Listen, we clearly look at all opportunities right now. While the credit fall out is coming, but it's coming very slowly. We haven't seen, certainly for companies in our space, an awful lot of debt, whether it's high yield or other. And as Mike said, in terms of the COD income, that's actually a very attractive way to buy back debt and to defer the income for a significant period of time. But listen, we examine all capital alternatives at all time, particularly in this difficult capital markets environment.

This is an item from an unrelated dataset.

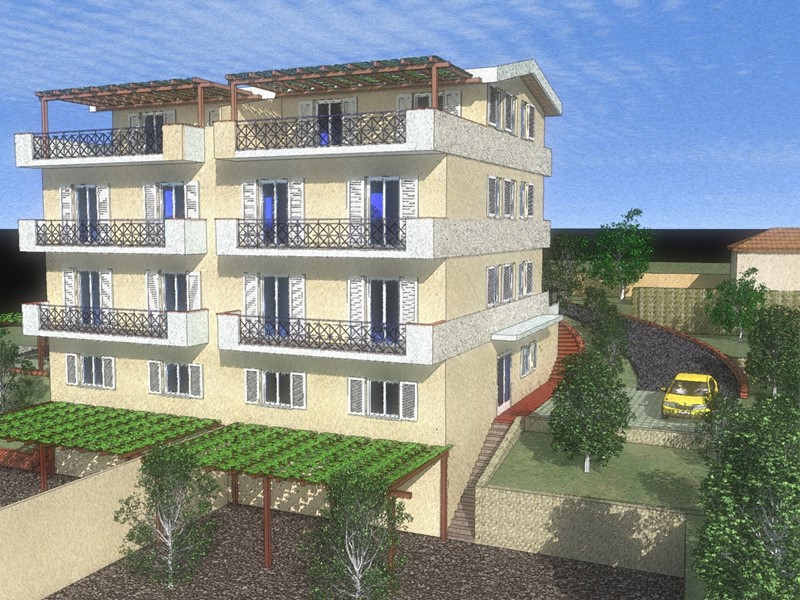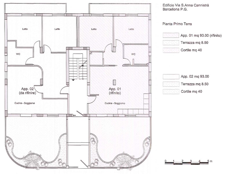 Al piano terra troviamo due appartamenti, uno rifinito con cucina-soggiorno, due camere da letto e bagno, e l'altro da personalizzare.

Rob Schwartzberg – Compass Point

Right, right. I'm not sure you're seeing too many equity offerings either, but anyway I hope it all works out for you.

Mark Weiss

Thank you.

Rob Schwartzberg – Compass Point

Thanks, bye-bye.

Operator

There are no further questions at this time. This concludes our question-and-answer session. I would now like to turn the call over to Mr. Joe Robert for closing remarks.

Joe Robert

Well, I want to thank everybody for participating in this call. I want to let everyone know that we are working feverishly as hard as we possibly can to maximize the recovery of the capital that was entrusted to us and the investments that we have in our portfolio. As I suggested as well, we see significant opportunity out there. We have to be realistic about where we were, where we are. I think we've done quite a good job of balancing our balance sheet through an unbelievable crisis, particularly relative to our peers, and I'm optimistic that the future holds opportunities that frankly we haven't seen for a long time. With that, I will close.

Operator

Ladies and gentlemen, thank you for your participation in today's conference. This concludes the presentation. You may now disconnect and have a great day.